My Gran loved playing Rummy with us kids. She would win most times. But if we looked like we were getting too upset with losing, she would let us win once or twice. She didn't go easy on us at all. She felt that we would never learn to play if she made things too easy. In the days before computer games, she always had her trusty pack of cards tucked away safely. I wonder where those cards went? Did some old lady at the aged home inherit them and then pass them down to the next old lady and so on and so on through the years until they were worn out?

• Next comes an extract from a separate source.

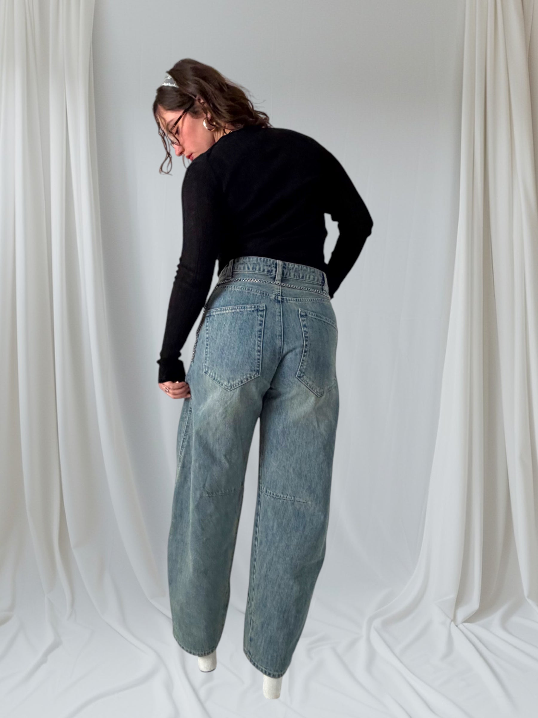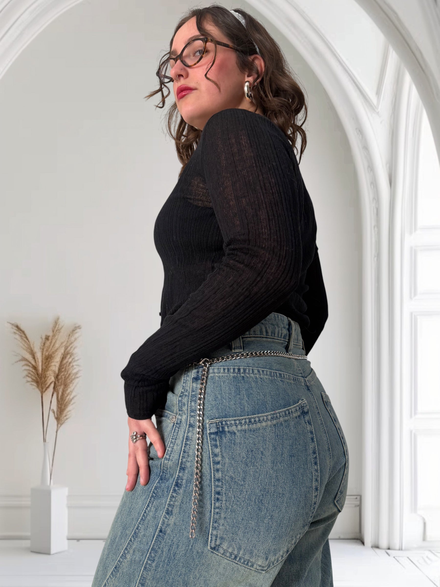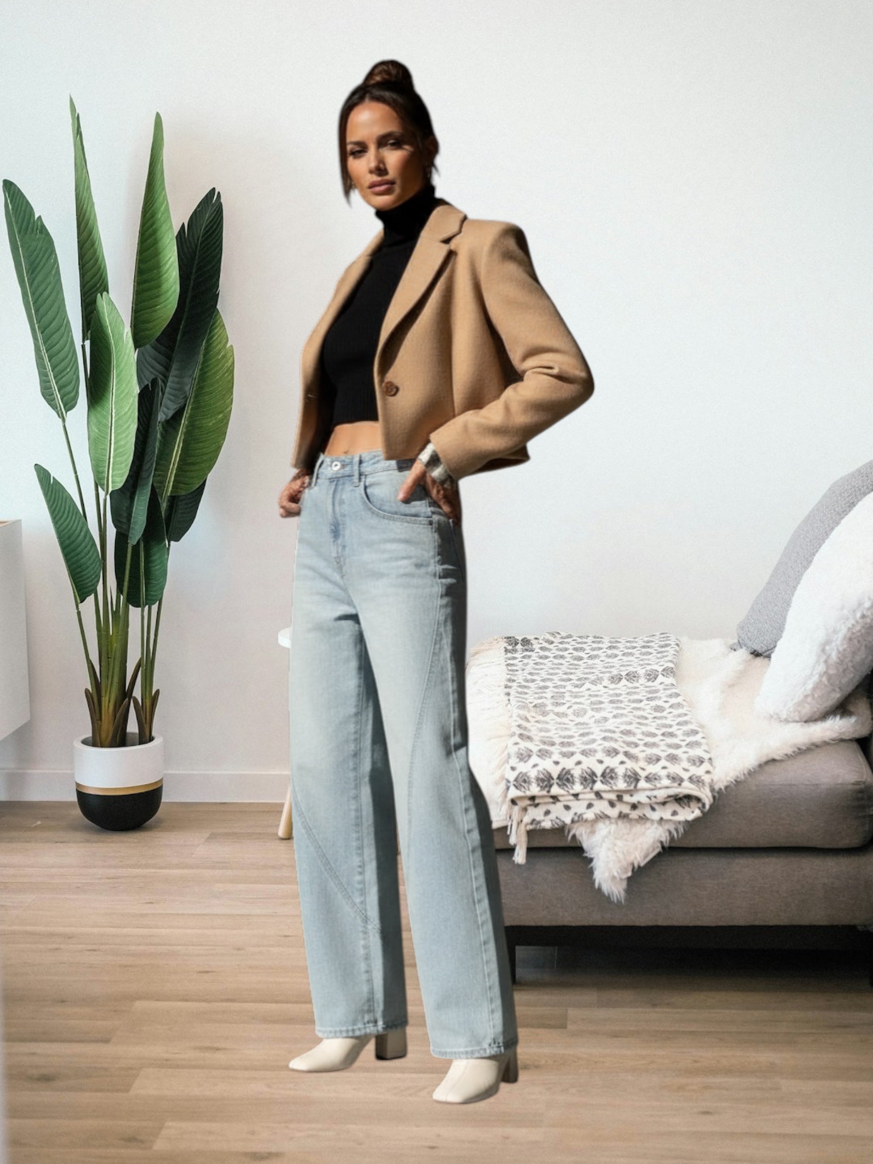 Le jean SÉOUL LINE ample à la ligne architecturale.

As I was unpacking the boxes this past few weeks, I found the memories of loved ones returning as I unearthed their stuff. My Gran's tea set. It's badly smashed due to some careless mover, but I glued it back as good as I could get and I love looking at it. My father's drawings are hanging on the wall and I have an old white coat that Barry used to wear when he wanted to protect his clothes. It is stained with grease and paint and worth absolutely nothing to anyone but myself. What will my children and grandchildren remember about me when I am gone? Will there be good thoughts? I have carefully stored my Gran's painted glass jug even though it is cracked and unusable. My daughter suggested that I smash the jug and just retain the small flowers on glass and mount them in jewellry. Perhaps some earrings? I remember my Gran pouring home-made lemonade out of that jug at Christmases past. Ah, Christmas. Will earrings engender the same emotion as that cracked jug? Who knows?
The new house is lovely. We have birds hopping in and out the backdoor in search of the cat food and last week one bird got trapped inside. Chad and I ran like crazy, demented people around with long sticks (the windows are high in the wall and there is no way either one of us could reach the bird perched on the sill) trying to chase it out an open door. No luck. Chad tried tempting it down with food and it did descend and then the cats sprang out of their hidey-holes and it flew up again. This time we managed to entice it into my bedroom. I closed the walk-in wardrobe and the bathroom and left the balcony door wide open and hoped it would find its way out. And it did. But now we have to get up to those high window sills and clean off the bird poop. Maybe the Christmas fairy will do it or else I will have to hire someone to do it for me. I have settled in well and we even had a nice house warming party for a few friends. Talk about two degrees of separation. Even though some of the five guests did not know each other, it turns out that they are connected in some way or other. One was the neighbour to one person and cousin to another. Me, well I know them from between 26 years and 11 years. I guess I am building a few connections and hopefully one day I will feel like I belong somewhere. Ooops all those negative self-talk things are creeping back in. I had better get going.